In this case do we ever think we should see SQLITE_BUSY while trying to abandon a transaction? But yes in general we should treat expected errors and unexpected errors differently, and not handle expected errors by unloading the wallet.

src/wallet/sqlite.h

ryanofsky · 2024-01-29T18:28:52Z

src/wallet/sqlite.cpp

+            // If the transaction cannot be aborted, it may be due to the database connection being "busy", indicating a potential bug or data corruption.
+            // In such cases, attempt recovery by closing and reopening the database. This action will automatically roll back the transaction,
+            // ensuring that any changes made since the transaction was opened will be reverted. This prevents dangling transaction data
+            // outside the context of the 'SQLiteBatch' that initiated such a transaction.


In commit "sqlite: guard against dangling to-be-reverted db transactions" (0bf3a73)

I think this comment might be more harmful than helpful in its current form, because it isn't communicating the most important thing, which is that this code path is never expected to be hit under normal conditions, and if it is hit, it means something is seriously wrong and there has probably been data loss, if not data corruption. By saying this failure can happen when the connection is "busy", it makes it sound like database could just be waiting for a lock. But locking alone could never trigger this, so suggesting that it could raises doubts about the rest of the code, and makes the handling here seem to be unnecessary.

Also saying "this action will automatically rollback the transaction ensuring..." seems like an overstatement. Even if it's probably true, we are in the middle of recovering from some other significant bug or I/O error, so this comment seems to be going out on a limb to make a guarantee that isn't clearly significant. It is also unclear to me what "transaction data outside the context of the 'SQLiteBatch'" would refer to if SQLiteBatch is the class responsible for creating transactions.

Considering all this, I'd probably suggest still going with my original comment from #29253 (comment) which was "// If transaction cannot be aborted, it means there is a bug or there has been data corruption. Try to recover in this case by closing and reopening the database. Closing the database should also ensure that any changes made since the transaction was opened will be rolled back."

But maybe this comment is missing some other information that you wanted to get across?

It is also unclear to me what "transaction data outside the context of the 'SQLiteBatch'" would refer to if SQLiteBatch is the class responsible for creating transactions.

The purpose of this sentence was to describe what could happen if we don't rollback the transaction and explain why we rollback the transaction inside the SQLiteBatch destructor.

The complete sentence, "This prevents dangling transaction data outside the context of the 'SQLiteBatch' that initiated such a transaction," refers to the SQLiteBatch instance, not the class. Each SQLiteBatch can create a single transaction at a time; no concurrent SQLiteBatch instances are allowed (#29112). Thus, the code rolls back the db txn within the SQLiteBatch object destructor. This links the db txn to the SQLiteBatch instance lifecycle, isolating data changes and preventing other SQLiteBatch instances from dumping data that does not correspond to them.

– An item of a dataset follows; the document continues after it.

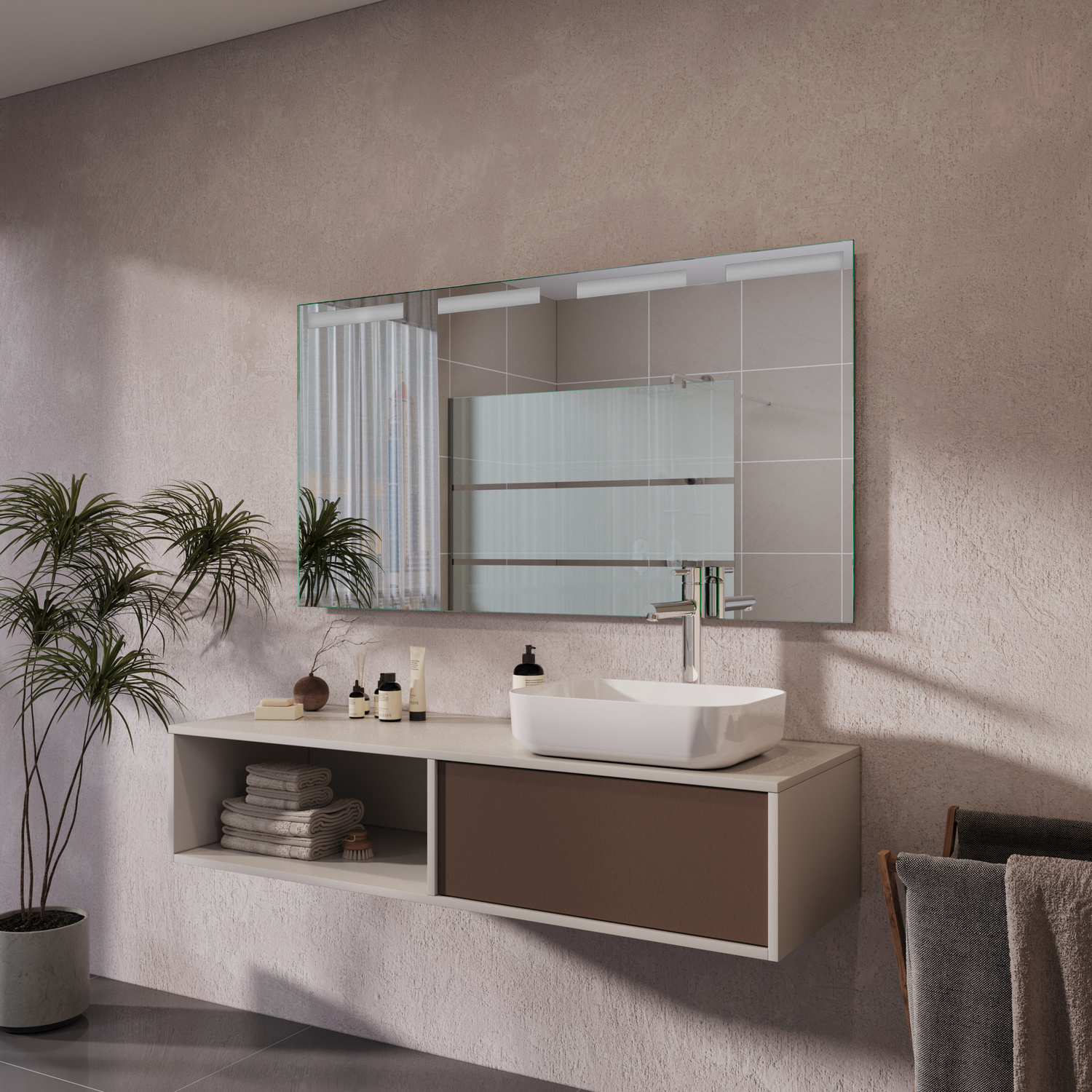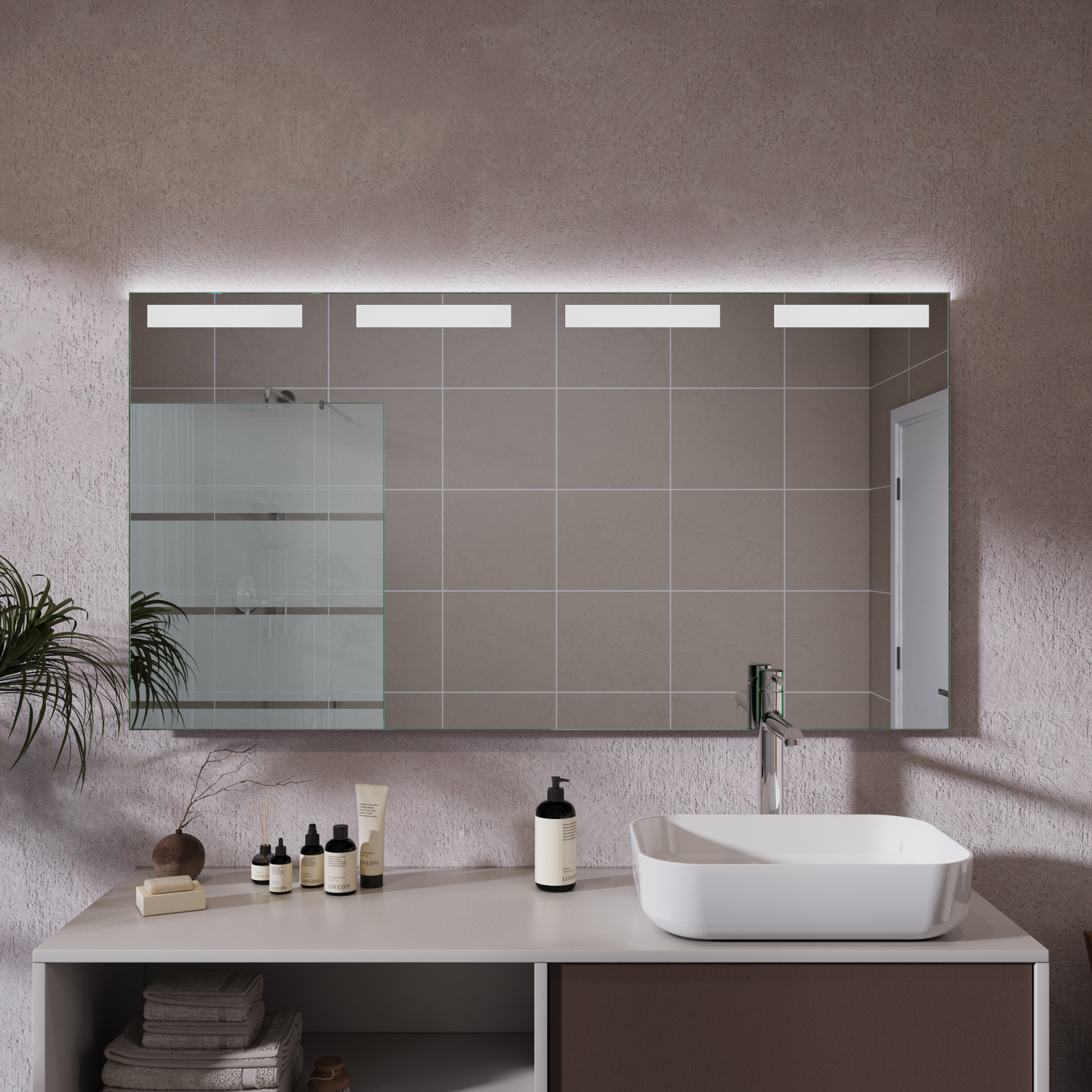 Der Badspiegel TRETS mit LED-Beleuchtung oben kombiniert modernes Design mit funktionaler Eleganz. Er verleiht Ihrem Badezimmer einen stilvollen Akzent und sorgt gleichzeitig für eine angenehme und gleichmäßige Ausleuchtung. Durch die präzise Verarbeitung und hochwertigen Materialien wird dieser Spiegel zum echten Blickfang in jedem Badbereich.

But maybe this comment is missing some other information that you wanted to get across?

I wanted to emphasize the importance of rolling back the transaction by explaining the consequences of leaving the transaction dangling. Also, wanted to mention that the error could be transient (so we don't forget about this possibility) and describe why we want to keep the transaction data changes isolated within the SQLiteBatch instance that initiated the transaction.

If, after reading this response, you still have doubts and find the comment confusing, I can replace it with your comment. No problem; the idea was to provide a clearer description of the situation.

re: #29253 (comment)

Thanks for clarifying.

I wanted to emphasize the importance of rolling back the transaction by explaining the consequences of leaving the transaction dangling.

That seems ok. Would maybe suggest adding to the previously suggested comment:

// If transaction cannot be aborted, it means there is a bug or there has been data corruption. Try to recover in this case by closing and reopening the database. Closing the database should also ensure that any changes made since the transaction was opened will be rolled back and future transactions can succeed without committing old data.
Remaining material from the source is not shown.